WHAT YOU WILL DO:
Only one span of the listing below should come back. It runs from the line with "وتتضمن الأعمال زراعة" through the line with "这是玩家获得钻石的主要途径,也是小R中R", and each of its lines must be reproduced exactly.

MATERIAL FOR THIS TASK:
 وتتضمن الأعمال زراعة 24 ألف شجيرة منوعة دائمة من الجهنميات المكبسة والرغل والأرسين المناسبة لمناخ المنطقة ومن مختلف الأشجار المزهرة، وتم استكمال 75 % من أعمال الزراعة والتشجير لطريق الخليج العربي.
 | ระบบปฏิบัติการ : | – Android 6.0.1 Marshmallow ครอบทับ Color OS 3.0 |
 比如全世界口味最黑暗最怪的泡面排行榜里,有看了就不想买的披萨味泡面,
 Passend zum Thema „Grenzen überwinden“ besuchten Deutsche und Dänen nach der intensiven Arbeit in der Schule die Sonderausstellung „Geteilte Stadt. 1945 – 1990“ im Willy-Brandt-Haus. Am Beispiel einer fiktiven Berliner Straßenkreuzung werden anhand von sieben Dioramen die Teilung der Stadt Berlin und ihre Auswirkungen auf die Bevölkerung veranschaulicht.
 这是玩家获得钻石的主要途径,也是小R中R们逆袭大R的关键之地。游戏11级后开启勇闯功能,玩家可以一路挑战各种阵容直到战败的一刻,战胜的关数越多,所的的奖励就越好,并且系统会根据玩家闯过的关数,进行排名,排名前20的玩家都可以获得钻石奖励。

==

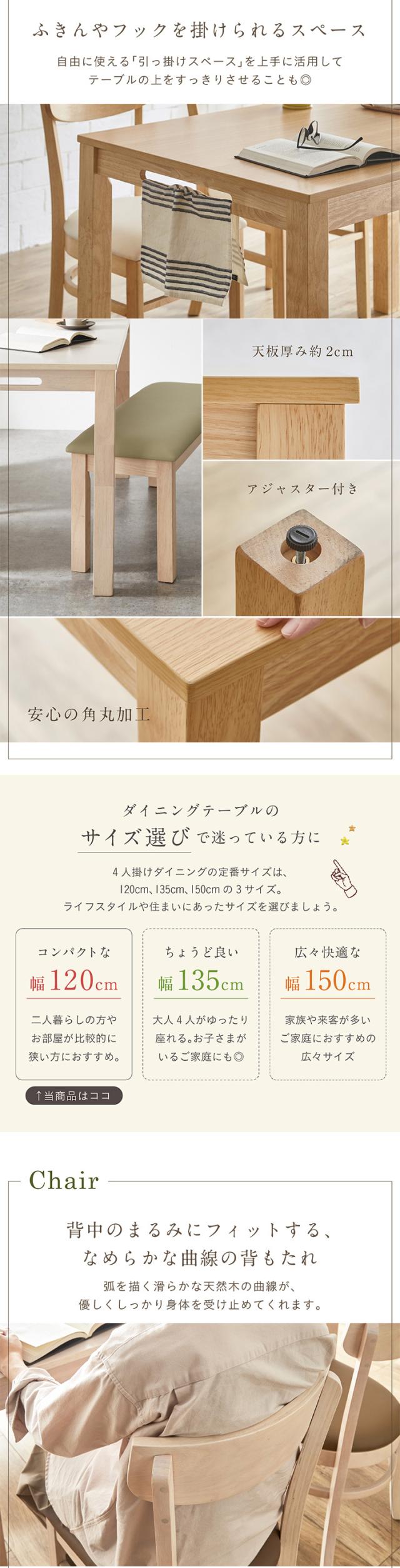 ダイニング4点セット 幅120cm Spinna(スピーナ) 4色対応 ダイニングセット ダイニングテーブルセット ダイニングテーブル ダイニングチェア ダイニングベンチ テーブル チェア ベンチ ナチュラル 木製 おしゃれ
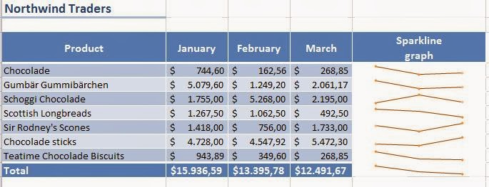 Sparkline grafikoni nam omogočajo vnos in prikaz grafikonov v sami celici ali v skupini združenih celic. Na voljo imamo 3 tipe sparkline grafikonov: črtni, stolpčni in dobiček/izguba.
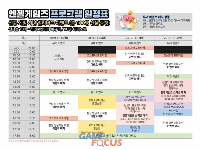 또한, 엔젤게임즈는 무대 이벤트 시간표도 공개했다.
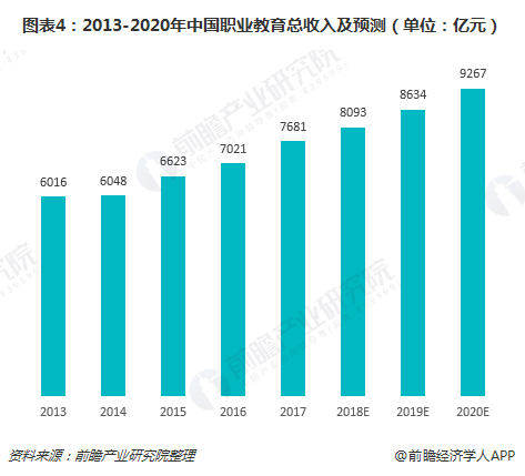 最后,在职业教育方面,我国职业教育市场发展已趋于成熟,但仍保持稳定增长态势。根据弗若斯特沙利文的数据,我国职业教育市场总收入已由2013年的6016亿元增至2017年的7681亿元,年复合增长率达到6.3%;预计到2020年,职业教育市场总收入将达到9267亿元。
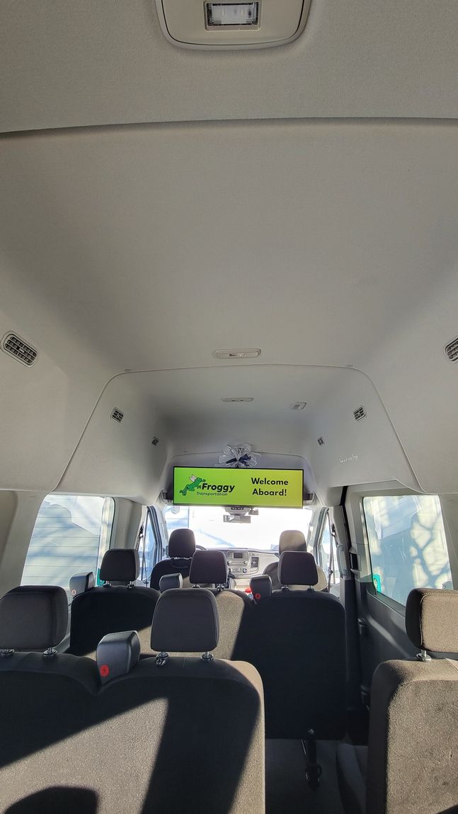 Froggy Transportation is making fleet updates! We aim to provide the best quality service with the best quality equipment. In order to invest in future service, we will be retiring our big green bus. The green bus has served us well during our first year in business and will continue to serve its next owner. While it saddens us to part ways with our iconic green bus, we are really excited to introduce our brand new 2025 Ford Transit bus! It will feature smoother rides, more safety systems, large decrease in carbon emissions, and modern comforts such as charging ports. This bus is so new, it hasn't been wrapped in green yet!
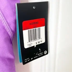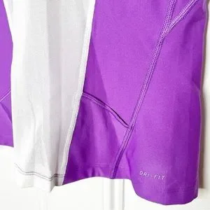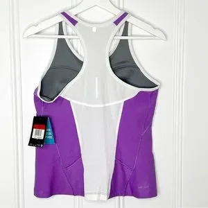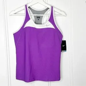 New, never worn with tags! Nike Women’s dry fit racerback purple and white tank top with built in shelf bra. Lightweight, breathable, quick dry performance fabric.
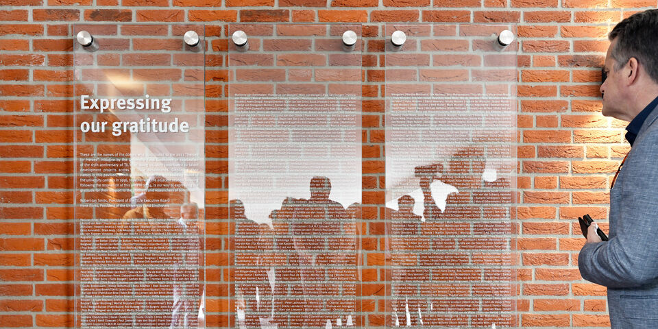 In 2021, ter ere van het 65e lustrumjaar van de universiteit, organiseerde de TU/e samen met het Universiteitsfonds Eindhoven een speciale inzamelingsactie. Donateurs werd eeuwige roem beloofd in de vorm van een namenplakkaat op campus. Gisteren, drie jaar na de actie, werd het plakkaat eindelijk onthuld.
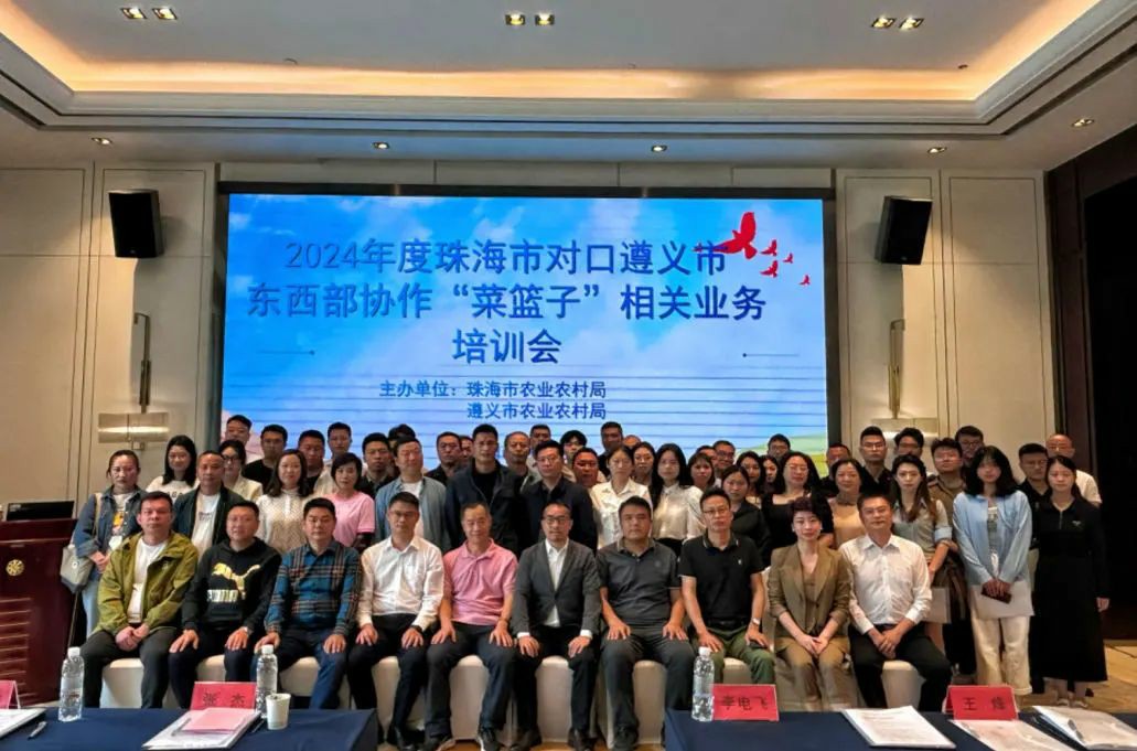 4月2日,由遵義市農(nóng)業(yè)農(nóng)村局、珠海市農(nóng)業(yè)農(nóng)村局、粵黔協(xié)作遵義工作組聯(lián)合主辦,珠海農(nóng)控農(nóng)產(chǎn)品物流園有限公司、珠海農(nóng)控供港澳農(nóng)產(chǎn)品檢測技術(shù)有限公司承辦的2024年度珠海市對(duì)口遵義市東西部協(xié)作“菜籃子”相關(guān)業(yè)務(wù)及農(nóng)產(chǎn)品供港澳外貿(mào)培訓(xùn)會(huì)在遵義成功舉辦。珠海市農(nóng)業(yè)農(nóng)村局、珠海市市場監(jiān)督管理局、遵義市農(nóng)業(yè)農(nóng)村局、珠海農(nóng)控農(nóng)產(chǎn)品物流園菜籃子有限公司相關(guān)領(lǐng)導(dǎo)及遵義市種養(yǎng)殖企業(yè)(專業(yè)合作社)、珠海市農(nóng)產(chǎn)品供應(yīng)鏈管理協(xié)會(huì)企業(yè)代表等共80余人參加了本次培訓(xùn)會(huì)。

RESPONSE BOX:
 وتتضمن الأعمال زراعة 24 ألف شجيرة منوعة دائمة من الجهنميات المكبسة والرغل والأرسين المناسبة لمناخ المنطقة ومن مختلف الأشجار المزهرة، وتم استكمال 75 % من أعمال الزراعة والتشجير لطريق الخليج العربي.
 | ระบบปฏิบัติการ : | – Android 6.0.1 Marshmallow ครอบทับ Color OS 3.0 |
 比如全世界口味最黑暗最怪的泡面排行榜里,有看了就不想买的披萨味泡面,
 Passend zum Thema „Grenzen überwinden“ besuchten Deutsche und Dänen nach der intensiven Arbeit in der Schule die Sonderausstellung „Geteilte Stadt. 1945 – 1990“ im Willy-Brandt-Haus. Am Beispiel einer fiktiven Berliner Straßenkreuzung werden anhand von sieben Dioramen die Teilung der Stadt Berlin und ihre Auswirkungen auf die Bevölkerung veranschaulicht.
 这是玩家获得钻石的主要途径,也是小R中R们逆袭大R的关键之地。游戏11级后开启勇闯功能,玩家可以一路挑战各种阵容直到战败的一刻,战胜的关数越多,所的的奖励就越好,并且系统会根据玩家闯过的关数,进行排名,排名前20的玩家都可以获得钻石奖励。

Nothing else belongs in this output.